Processing Versions for Data Uploaders and Developers¶
The database defines the concepts of processing version and base processing version. The processing version is what interfaces to the outside world; it’s what users will specify when calling the various web APIs. The base processing version is what each row in one of the photometry tables is associated with. (So, the diaobject, diasource, and diaforcedsource tables (at least) all have a base_procver_id column, which is a foreign key into the base_processing_version table.) Finally, there is a table base_procver_of_procver that holds a prioritized list of base processing versions that go with each processing version for each table.
In the web API, database queries take this processing version, and figure out which base processing versions go with it. It will then pull photometry from the database, ensuring that a given (rootid,visit) combination only shows up once in the lightcurve. (That is, the returned lightcurve will not include redundant photometry from the multiple different versions that are stored in the database.) It’s possible that there may be multiple base processing versions associated with a single processing version. For example, suppose that DESC uploads a set of SMP photometry and wants this to be processing version pv_smp1. The first time it’s uploaded, we create a base processing version bpv_smp1 and a processing version pv_smp1. (One entry in each of two different tables.) Later, we realize we have to redo 5% of the photometry. Rather than delete the old photometry (which would be bad if we ever decided we want to reproduce something), we would upload the replacement photometry for just those 5% of lightcurves with base processing version bpv_smp1a. We would then set pv_smp1 to be associated with base processing versions (bpv_smp1a, bpv_smp1). This is a priority-ordered list. When pulling lightcurves from the database, the queries need to pull the photometry with base processing version bpv_smp1a where it exists, and bpv_smp1 where there is no corresponding bpv_smp1a photometry.
As you can imagine, this leads to rather subtle and complicated database queries. It’s not a simple matter of pulling all the values from the diaforcedsource table for a given set of diaobjectid values and a given processing version. Rather, the query will need to join to the table that tracks which base processing versions go with which processing versions, use the necessary subqueries to make sure photometry is not duplicated, and ensure that the highest priority base processing version is extracted for each point.
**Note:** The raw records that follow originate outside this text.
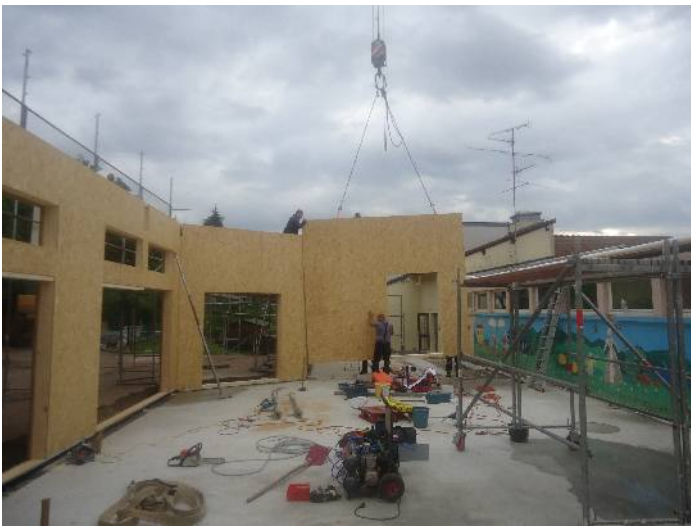
En fin de journée le bâtiment était assemblé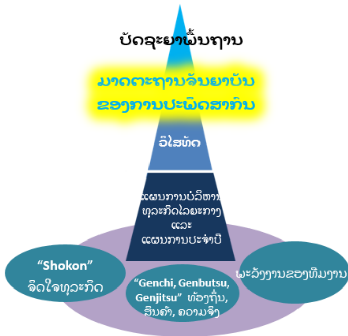
ວິທີການຂອງກຸ່ມ TOYOTA TSUSHO

ໃນຖານະເປັນພົນລະເມືອງທີ່ດີຂອງບໍລິສັດ, ພວກເຮົາຈະມຸ້ງໜັ້ນດຳເນີນກິດຈະກຳຂອງບໍລິສັດແບບເປີດເຜີຍ ແລະ ເປັນທຳ; ພວກເຮົາຈະຮັບຜິດຊອບຕໍ່ສັງຄົມ ແລະ ຮັກສາສິ່ງແວດລ້ອມ; ພວກເຮົາຈະມີຫົວຄິດສ້າງສັນ ແລະ ສູ້ຊົນເພື່ອສ້າງມູນຄ່າເພີ່ມ; ແລະ ພວກເຮົາຈະເຄົາລົບນັບຖືຜູ້ອື່ນ ແລະ ສ້າງສະພາບແວດລ້ອມການເຮັດວຽກແບບມີສ່ວນຮ່ວມ.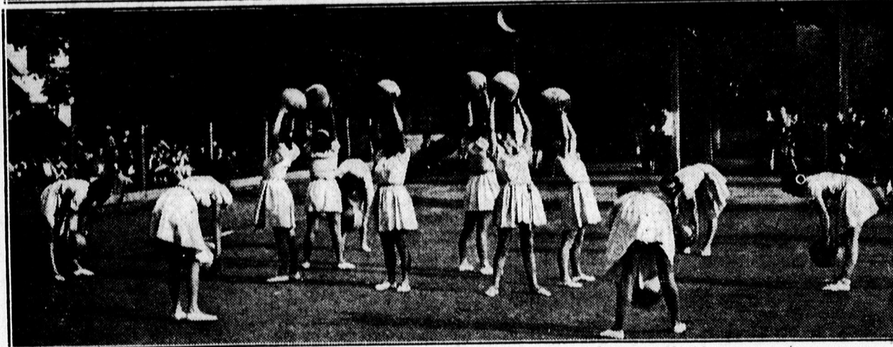
Fent: A Dóczy polgári iskola tornavizsgáján nagy sikerrel szerepelt tánc-csoport. Lent: Labda-gyakorlat a Dóczy polgári iskola tornavizsgáján.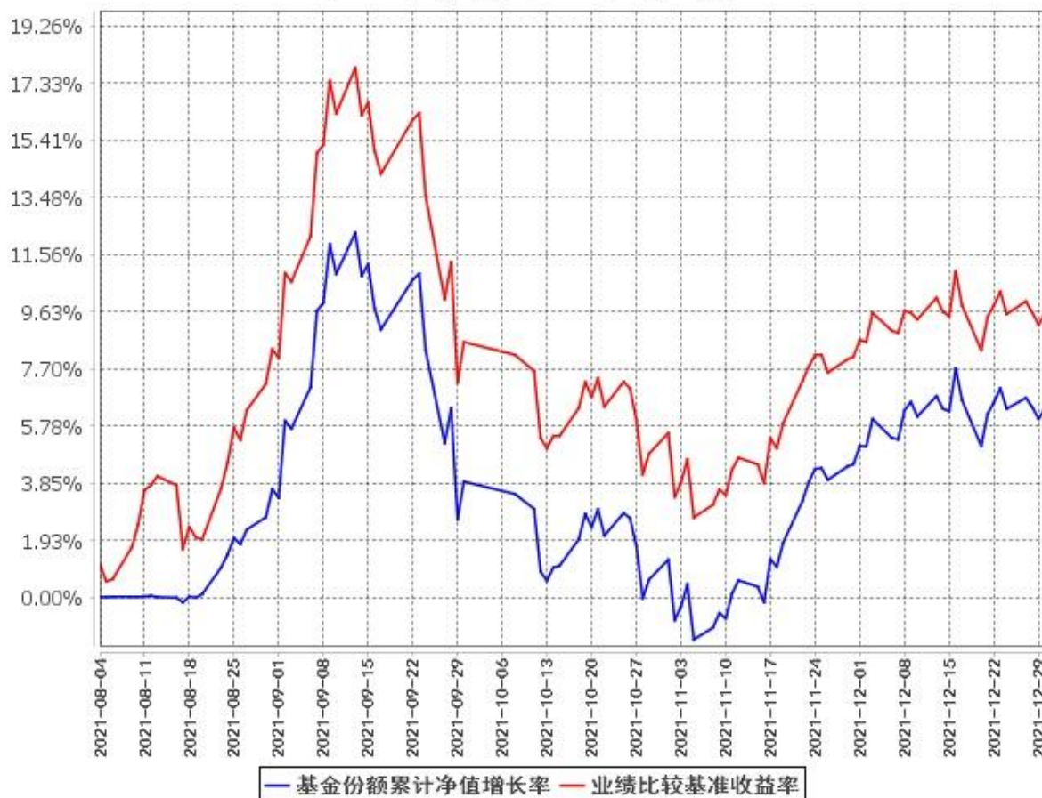
基金份额累计净值增长率与同期业绩比较基准收益率的历史走势对比图 (2021年8月4日至2021年12月31日)

注：(1)本基金合同于 2021 年 8 月 4 日生效，截至报告期末基金合同生效未满一年。

Because it’s easy for users to look at the table schema and come up with “obvious” queries that do the wrong thing, and because the right queries are potentially error prone (and, even if you manage to do it right, hard to write efficiently), we avoid having users make direct SQL queriers to the database. Rather, we provide web APIs where the user need only specify the processing version, and the complicated business of sorting through base processing versions is handled behind the scenes for them.
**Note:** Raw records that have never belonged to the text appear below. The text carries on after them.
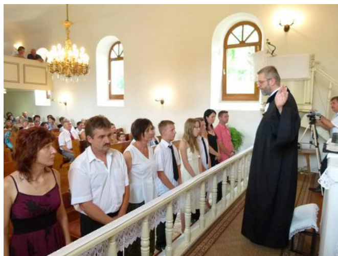
Közös úrvacsora szülőkkel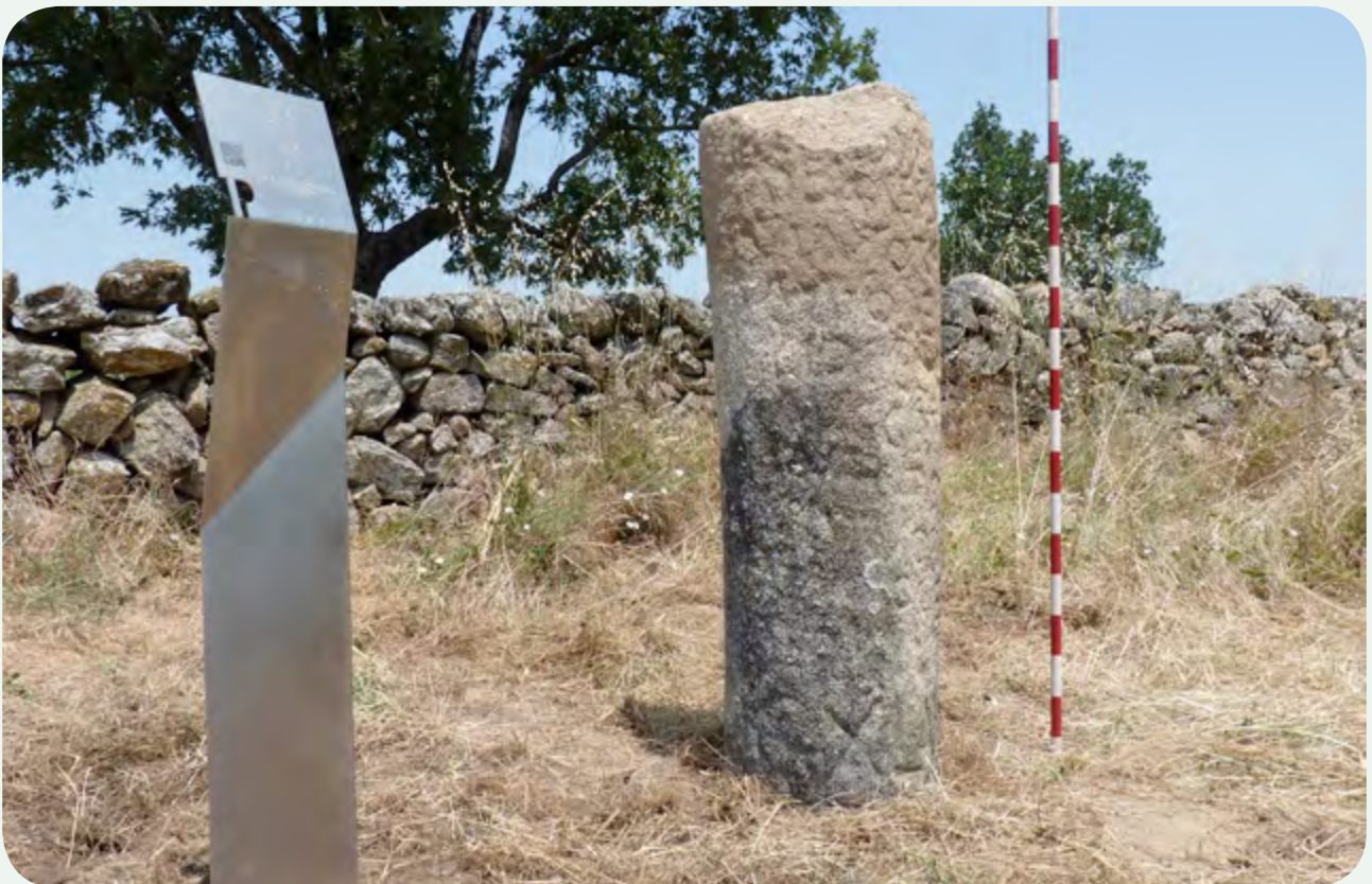
EL MILIARIO INSTALADO EN LA CALZADA (1). Otra vista del miliario.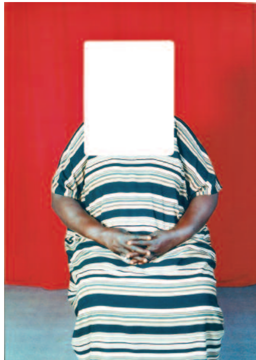
Photo retrouvée au Gulu Real Art Studio Courtesy Galerie Camilla Grimaldi, Londres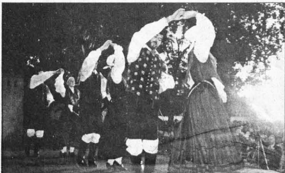
Folklorna skupina s Pristave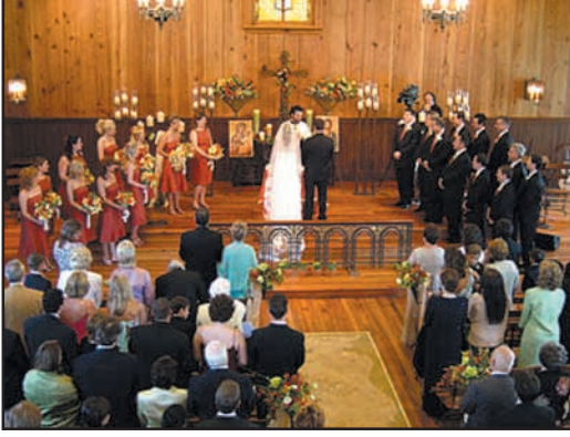
உரு 8.20 கிறிஸ்தவ திருமண சடங்கு

ஆலயத்தின் மணி ஒலிக்கும். இன்னிசைக் கீதங்கள் பாடப்படும். பின்னர் உறவினர்களும், நண்பர்களும் மணமக்களை வாழ்த்தி பரிசுப் பொருட்களை வழங்குவார்கள்.

Note that the base processing version of diaobject is a bit complicated. To first order, you should just ignore the processing version of diaobject. If you select a base processing version of diasource or diaforcedsource, those rows will link back to the right diaobject, but it’s entirely possible that that diaobject will be in a different processing version than the photometry. Again, consider the example of DESC doing SMP photometry. They will do it for existing diaobjects from an existing processing version, but the photometry points themselves will be uploaded under a new processing version. Ideally, the API does this all right, but you can shoot yourself in the foot by specifying some options to the API.